Our thanks in advance for your time and attention. As required in your submission guidelines, we enclose the first five pages and a short synopsis of Storm Rise
I thought the title was THUNDER AND LIGHTNING? I thought that because those are the first words preceding "is a completed fantasy of 101K" I suspect you mean THUNDER AND LIGHTNING to be the name of the series you contemplate. Don't do this. One book at a time,
one title at a time.
for your consideration. On request we can provide a partial or the full manuscript.
Sincerely
And here's the second form of the query referenced above:
Did ye ever hear tell of the Thunder and Lightning? The Fool and the Fair? Sonea Finder, Sonea Fair. Lightning to the Thunder. Warrior and mage, a crafter of wonders. Her smile puts the sun to shame. But that smile hides dark secrets. Scars from wounds made by her own mother's knife. A lost young woman cast aside by those she cares for and turned insane by the forced lust of one called friend. Sonea, who comes to know that none of this was chance... Sephiranoth ShadowSeeker. A dragon. Thunder to the Lightning, who calls himself Fool that walks among the Wise. Old beyond age and ancient in Primal magic. Who never speaks one word where ten may be spoken... and each one more riddle than the last. Riddles that hide old secrets, and an older shame. Bound by judges he cannot name, for a deed magic bars his tongue from speaking. In bouts of crazed anger and loss, he screams of stolen young. Lost in madness and the mountains, she will find him. Sonea, who shares more with him than she knows. What dragon made broken, a dragon may heal. Yet for all things there is a price. Clan wings will block the sun, dragon fire will burn and death will take the Fair One from the Fool. But in the land of Istaria, some are chosen. Chosen to set death aside. And what may stay lost for one called Finder? THUNDER AND LIGHTNING: STORM RISE, STORM WAKING is a completed fantasy of 101,000 words. It has the potential to be the first part of a trilogy. Despite having written together for many years, neither of the authors has killed the other as yet, nor appear to have any intention of doing so. They have shared experience in game environments both as players and developers of game lore and history. Our thanks in advance for your time and attention. As required in your submission guidelines, we enclose the first five pages and a short synopsis of Storm Rise for your consideration. On request we can provide a partial or the full manuscript. Sincerely
Notice the Big Bloc O'Text?
Unreadable.
It doesn't mean instant rejection. I usually can struggle through a couple sentences before my eyeballs need GPS to figure out where to go. It's NOT in your best interest to send a Big Bloc O'Text however because you don't want me reading only a couple sentences, or skimming.

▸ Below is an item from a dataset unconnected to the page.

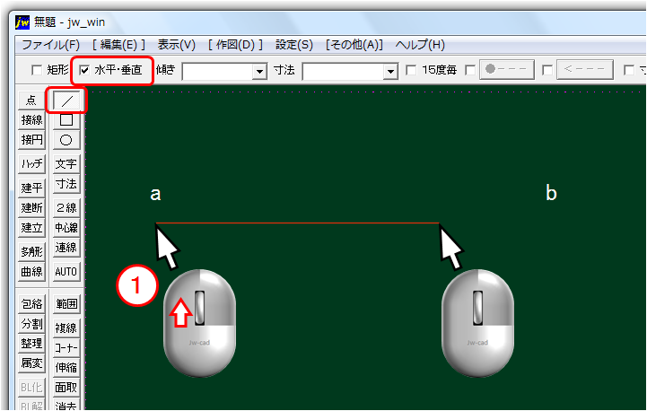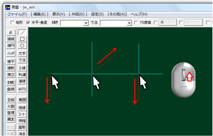 Jw-CADでは、始点クリック→終点クリックになります。

Don't shoot yourself in the query by doing this.
And both queries are form rejections. All tell, no show. And no bloody plot! What happens?
The interesting thing about this is the cover letter to the Shark. It shows absolutely without a doubt that you can write, and write well with a fresh voice.
So what the hell happened between that and the query.
You got tense. A query Has to Grab Attention! It Has to be Dramatic! It Has to be Bold!
Crap.
A query has to be well written. It has to be enticing. It has to be as elegant and strong as a gossamer spider's web, as much about what is NOT there as what is.
I strongly suggest, no actually I BEG you to start again, and just pretend you're writing to me like you were in the cover letter. Show me what happens. Entice me.
I know you can do it cause you already showed me.
This kind of thing happens more than you'd think in queries. Usually I see the disconnect between the query and pages. Great query, dreadful pages. Breaks my cold little heart. What warms it right back up again is when it goes the other way: dreadful query, great pages. It's one of the reasons I always want to see pages with a query.